Brand equity, as you call it, is the effect that we trust companies based on irrational ideas. That’s actually bordering on violating the EU advertising laws (you can only advertise stuff that is directly related to the product, you can only say stuff that is true, etc).



Yes, I know it is a thing – but it shouldn’t be. That’s the issue. Brand equity is abusing emotions to make people buy worse products for a higher price.


Lidl was caught on 'colonisation' practices in Poland, where they used development loans to drive prices lower than local stores could afford to beat.

Or it's just someone that wanted me to think so. I really don't know now.


Yeah, they are shitty companies trying to drive prices down.

But if you consider how many better known brands do the same, and are still more expensive, it does seem still unfair.

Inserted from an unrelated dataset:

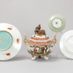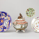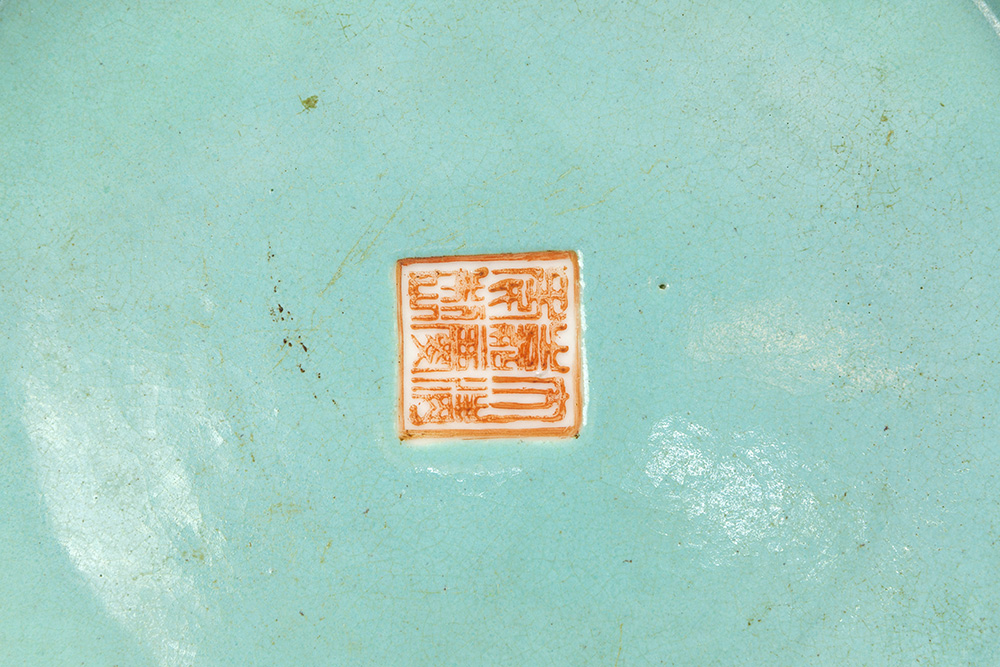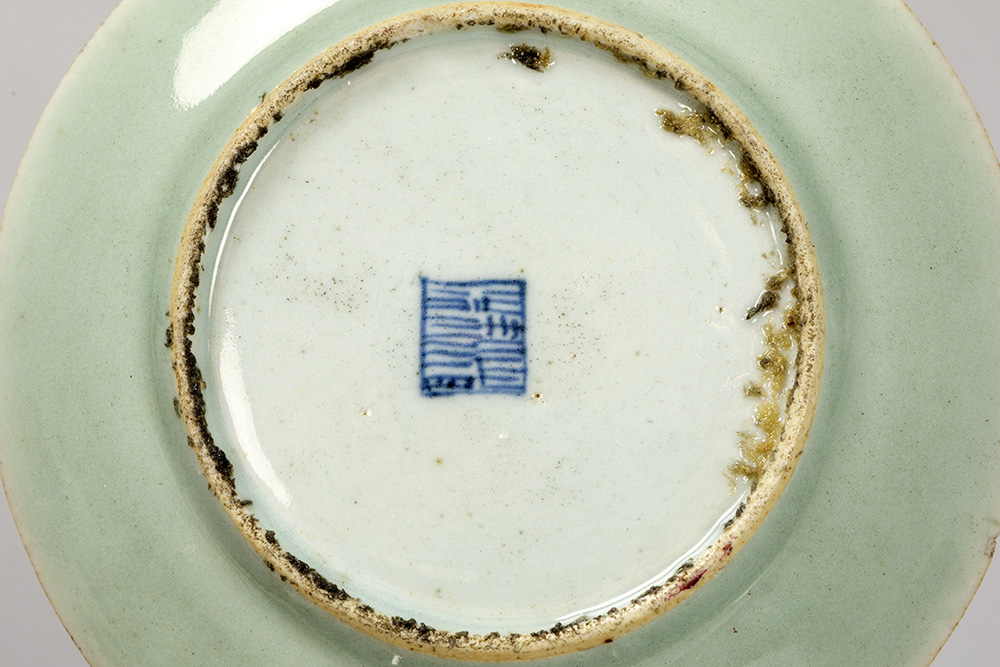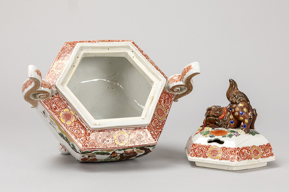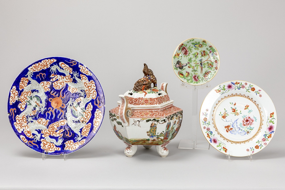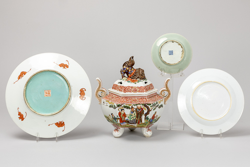 Lot (4) Chinees porselein met een wierookbrander, twee borden en een schaal

> soft music & get mother's to form an emotional bond with the product.

What if it turns out that people have a finite amount of 'emotional bond chemicals' available each day, and by isolating that feeling and associating it to a product instead of to the baby, well, let's suggest for some people the newly constructed relationship between people and objects is (mother's emotion -> object, object -> baby's emotions, baby's emotions -> object, object -> mother's emotions) , and it doesn't work as synergistically efficient as you might expect? What if you don't even know how to measure stuff like that?

What if there is a measurable loss that isn't obvious? What if it's linked to the most random of things, so it isn't even predictably rational in how it affects the system it operates within? The problem with advertising and emotional manipulation is that the information only flows one way. And a constant stream of increasing revenue doesn't mean people are happy, it just means they are buying stuff.


> Consider in the 1800s it wasn't uncommon for a publisher to be paid for a product & make it seem like they were simply endorsing something they truly liked.

Since you work in advertising, you should know that that kind of thing is more pervasive than ever today.


Native marketing combined with retargeting are disturbingly effective. 1800s snake oil peddlers have nothing on modern advertising's insidiousness.